* [Aim of the task] Stopping right after the line with "ラウンドネックエプロン リネンコットンエプロン ワンピース", please reproduce the material below exactly from its first line.

* [Extracted information]
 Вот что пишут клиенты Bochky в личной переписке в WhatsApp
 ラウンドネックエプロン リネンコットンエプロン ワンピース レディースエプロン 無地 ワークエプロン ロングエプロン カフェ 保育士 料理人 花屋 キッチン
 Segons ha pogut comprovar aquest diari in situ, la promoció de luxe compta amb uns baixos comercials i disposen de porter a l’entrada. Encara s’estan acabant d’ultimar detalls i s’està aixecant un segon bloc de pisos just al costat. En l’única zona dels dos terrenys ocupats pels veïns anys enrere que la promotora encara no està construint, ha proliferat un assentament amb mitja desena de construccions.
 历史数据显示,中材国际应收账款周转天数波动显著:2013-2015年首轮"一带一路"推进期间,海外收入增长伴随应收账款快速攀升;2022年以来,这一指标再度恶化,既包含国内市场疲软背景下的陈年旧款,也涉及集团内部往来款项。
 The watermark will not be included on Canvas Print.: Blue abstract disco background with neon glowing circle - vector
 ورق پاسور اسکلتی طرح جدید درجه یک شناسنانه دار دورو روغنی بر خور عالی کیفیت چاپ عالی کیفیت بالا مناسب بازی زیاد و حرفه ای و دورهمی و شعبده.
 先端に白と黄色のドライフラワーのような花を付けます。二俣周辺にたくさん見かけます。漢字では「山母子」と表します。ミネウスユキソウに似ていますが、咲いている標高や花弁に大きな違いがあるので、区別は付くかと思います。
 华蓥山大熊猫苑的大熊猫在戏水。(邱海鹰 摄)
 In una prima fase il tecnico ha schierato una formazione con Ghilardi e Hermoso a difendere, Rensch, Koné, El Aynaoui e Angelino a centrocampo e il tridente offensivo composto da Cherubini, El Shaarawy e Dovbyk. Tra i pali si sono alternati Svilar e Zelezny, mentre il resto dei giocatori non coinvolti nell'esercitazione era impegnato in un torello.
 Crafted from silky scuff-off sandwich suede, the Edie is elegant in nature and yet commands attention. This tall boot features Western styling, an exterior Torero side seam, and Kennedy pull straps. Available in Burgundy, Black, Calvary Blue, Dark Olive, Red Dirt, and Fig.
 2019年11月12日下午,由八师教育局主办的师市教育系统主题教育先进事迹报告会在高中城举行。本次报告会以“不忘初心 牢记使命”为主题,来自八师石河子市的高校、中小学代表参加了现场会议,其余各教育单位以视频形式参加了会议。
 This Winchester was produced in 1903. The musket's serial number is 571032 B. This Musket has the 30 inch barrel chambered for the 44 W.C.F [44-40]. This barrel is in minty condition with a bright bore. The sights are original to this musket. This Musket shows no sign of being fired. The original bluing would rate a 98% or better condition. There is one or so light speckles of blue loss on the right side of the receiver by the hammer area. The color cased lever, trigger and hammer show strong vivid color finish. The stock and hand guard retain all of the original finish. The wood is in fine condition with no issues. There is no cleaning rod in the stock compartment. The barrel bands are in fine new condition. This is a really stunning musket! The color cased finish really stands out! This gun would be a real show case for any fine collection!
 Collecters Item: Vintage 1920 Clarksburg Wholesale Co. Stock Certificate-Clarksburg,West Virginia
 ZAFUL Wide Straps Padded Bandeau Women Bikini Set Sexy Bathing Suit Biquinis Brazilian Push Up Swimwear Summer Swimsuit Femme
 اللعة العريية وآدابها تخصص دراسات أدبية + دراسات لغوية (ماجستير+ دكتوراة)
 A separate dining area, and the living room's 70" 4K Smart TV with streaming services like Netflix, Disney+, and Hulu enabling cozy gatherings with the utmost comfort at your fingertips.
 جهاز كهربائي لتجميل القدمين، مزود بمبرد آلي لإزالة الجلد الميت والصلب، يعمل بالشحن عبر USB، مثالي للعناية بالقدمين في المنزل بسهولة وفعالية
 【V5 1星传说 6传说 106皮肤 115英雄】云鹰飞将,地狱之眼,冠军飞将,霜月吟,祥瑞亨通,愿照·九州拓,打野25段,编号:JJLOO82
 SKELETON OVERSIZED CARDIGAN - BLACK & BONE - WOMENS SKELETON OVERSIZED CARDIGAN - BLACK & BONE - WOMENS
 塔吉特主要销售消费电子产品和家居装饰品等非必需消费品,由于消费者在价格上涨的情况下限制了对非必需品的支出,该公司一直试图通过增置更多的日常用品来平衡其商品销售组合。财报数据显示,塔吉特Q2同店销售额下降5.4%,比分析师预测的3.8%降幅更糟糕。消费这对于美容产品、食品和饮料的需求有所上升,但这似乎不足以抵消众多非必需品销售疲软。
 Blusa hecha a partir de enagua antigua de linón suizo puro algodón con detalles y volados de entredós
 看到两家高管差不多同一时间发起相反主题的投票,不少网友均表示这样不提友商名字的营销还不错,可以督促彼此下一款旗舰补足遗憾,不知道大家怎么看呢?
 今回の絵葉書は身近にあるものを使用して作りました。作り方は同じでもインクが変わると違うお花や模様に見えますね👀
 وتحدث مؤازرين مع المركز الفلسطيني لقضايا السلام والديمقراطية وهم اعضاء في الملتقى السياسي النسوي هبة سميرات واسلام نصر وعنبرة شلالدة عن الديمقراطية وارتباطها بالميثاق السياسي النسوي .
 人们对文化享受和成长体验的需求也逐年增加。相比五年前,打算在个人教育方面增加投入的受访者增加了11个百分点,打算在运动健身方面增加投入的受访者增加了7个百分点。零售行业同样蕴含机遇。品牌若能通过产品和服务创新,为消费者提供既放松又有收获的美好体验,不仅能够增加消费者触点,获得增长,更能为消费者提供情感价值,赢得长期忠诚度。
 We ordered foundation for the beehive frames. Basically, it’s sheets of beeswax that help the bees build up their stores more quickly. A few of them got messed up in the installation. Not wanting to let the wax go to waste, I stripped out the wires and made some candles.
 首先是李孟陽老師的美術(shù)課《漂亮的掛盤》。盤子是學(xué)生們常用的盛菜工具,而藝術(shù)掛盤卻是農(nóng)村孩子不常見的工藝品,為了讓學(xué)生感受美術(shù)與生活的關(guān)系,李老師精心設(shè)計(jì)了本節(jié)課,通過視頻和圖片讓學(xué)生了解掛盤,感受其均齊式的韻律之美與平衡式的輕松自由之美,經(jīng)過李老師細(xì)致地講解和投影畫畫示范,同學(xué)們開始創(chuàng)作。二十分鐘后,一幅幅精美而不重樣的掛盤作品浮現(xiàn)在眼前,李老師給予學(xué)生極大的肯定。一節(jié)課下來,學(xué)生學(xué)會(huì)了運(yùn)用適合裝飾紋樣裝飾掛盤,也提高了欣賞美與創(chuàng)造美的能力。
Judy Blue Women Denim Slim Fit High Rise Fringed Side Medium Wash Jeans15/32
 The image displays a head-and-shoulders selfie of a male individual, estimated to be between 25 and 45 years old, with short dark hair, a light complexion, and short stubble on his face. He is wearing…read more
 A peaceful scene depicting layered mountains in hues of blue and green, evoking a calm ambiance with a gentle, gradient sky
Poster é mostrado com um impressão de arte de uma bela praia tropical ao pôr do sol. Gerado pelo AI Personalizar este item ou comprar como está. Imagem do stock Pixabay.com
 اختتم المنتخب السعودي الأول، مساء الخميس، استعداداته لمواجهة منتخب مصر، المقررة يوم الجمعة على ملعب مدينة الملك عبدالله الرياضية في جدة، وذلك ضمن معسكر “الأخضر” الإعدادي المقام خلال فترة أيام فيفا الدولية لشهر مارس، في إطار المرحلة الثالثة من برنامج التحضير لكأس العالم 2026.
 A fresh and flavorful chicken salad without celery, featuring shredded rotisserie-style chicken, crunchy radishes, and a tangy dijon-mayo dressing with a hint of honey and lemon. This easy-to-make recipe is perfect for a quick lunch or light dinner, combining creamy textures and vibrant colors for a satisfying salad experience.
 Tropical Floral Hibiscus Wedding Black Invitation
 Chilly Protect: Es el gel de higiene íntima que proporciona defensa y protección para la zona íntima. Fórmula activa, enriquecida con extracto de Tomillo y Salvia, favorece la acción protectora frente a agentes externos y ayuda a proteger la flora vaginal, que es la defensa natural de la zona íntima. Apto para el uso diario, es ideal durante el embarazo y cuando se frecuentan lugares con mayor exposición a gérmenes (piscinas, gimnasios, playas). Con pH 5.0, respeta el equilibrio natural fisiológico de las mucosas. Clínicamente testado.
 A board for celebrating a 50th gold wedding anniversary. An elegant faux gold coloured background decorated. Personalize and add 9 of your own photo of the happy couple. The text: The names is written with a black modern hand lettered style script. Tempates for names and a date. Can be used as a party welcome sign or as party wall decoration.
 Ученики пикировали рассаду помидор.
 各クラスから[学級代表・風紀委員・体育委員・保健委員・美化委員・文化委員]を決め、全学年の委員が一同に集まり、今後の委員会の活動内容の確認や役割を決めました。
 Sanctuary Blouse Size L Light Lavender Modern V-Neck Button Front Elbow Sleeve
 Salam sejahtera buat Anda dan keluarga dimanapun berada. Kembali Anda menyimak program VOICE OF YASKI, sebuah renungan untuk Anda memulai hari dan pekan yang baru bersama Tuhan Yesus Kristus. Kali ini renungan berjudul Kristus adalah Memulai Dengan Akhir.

* [Exercise answer]
 Вот что пишут клиенты Bochky в личной переписке в WhatsApp
 ラウンドネックエプロン リネンコットンエプロン ワンピース レディースエプロン 無地 ワークエプロン ロングエプロン カフェ 保育士 料理人 花屋 キッチン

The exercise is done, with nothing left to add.